Playing Political Games With Legal Cannabis
CannTrust’s Green tells us that the company initially worked mainly with strains from the Dutch seed bank Paradise Seeds. Most of the hardware in the greenhouses is of Dutch origin as well. A Dutch greenhouse builder recently explained on local TV how his company is erecting large cannabis greenhouses in Canada and how unfortunate it is that he can’t do the same in the Netherlands. That feeling prevails among the participants of the trip. The Netherlands, with all its know-how and experience, is losing out because of political games and compromises.
At the same time, it’s clear that not everything we see in Canada would work well back home. In addition to growing on an industrial scale by companies such as CannTrust and Tweed, there should also be room for smaller players. Call it craft cannabis, with small brands and companies similar to the microbreweries catering to beer consumers with specific tastes. The preferences of the consumer and free-market principles should be central to regulation. One thing is certain: The Dutch can learn a lot from Canada’s experience with cannabis. This time, we do not have to invent the wheel by ourselves.
But the Canadians can still learn a lot from the Dutch. Our small country has over 40 years of experience with small-scale retail sales and consumption lounges in the form of our iconic cannabis coffee shops. Maybe because they have grown so accustomed to them, many Dutch people do not realize the strength of the coffee shop concept and its social function in society. The coffee shop offers adult consumers a safe and familiar environment to purchase a wide variety of cannabis strains and types of hashish to consume on-site. This combination is still unique in the world.
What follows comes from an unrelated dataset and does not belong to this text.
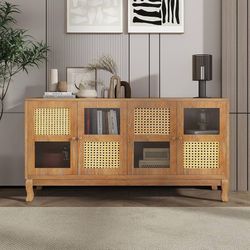 Retro 4-Door Sideboard with Large Storage Space, Accent Cabinet with Rattan and Glass Doors for Entryway Dining Room Kitchen Living Room$100Santa Ana, CA

The importance of the contact with other consumers can hardly be overstated. You can meet the whole world in a coffee shop, people of all ages, from all walks of life. If there’s one place where the concept of integration of different ethnic groups and nationalities actually works, it’s the cannabis coffee shop.
Cannabis Legalization Is Inevitable
The main takeaway from the trip to Canada is that legalization of cannabis is inevitable. This train cannot be stopped. Back in 2016, when the news of Canada fully legalizing cannabis was still fresh in our minds, former Dutch Prime Minister Dries van Agt gave a speech at the annual Cannabis Liberation Day festival in Amsterdam. It was van Agt who introduced the tolerance policy for cannabis back in 1976, paving the way for the coffee shops.
“Victory is near,” he told the crowd gathered at Cannabis Liberation Day. “The latest news is darned good! Canada, yes Canada, has decided to legalize cannabis. Why is that so important, more important than three or even a lot of American states put together? Because Canada has a huge political and moral influence in Western Europe. So, this cannot remain unanswered here.”
The solution as put forward by the current Dutch government — i.e., a limited cultivation experiment in a small number of cities — has been criticized from all sides. The Association of Dutch Municipalities objects to the small scale and the lack of flexibility. The Council for the Judiciary, an important government advisory body that oversees Dutch courts, has expressed its concern over possible lawsuits started by growers and coffee shops, based on the principle of equality.
The coffee shops aren’t too happy with the government’s plans, and neither are the consumers who hate the idea of staatswiet — state grown and approved weed. The commission appointed to advise the Dutch government about the experiment will hear experts — including representatives of the cannabis industry — during a roundtable session on May 9.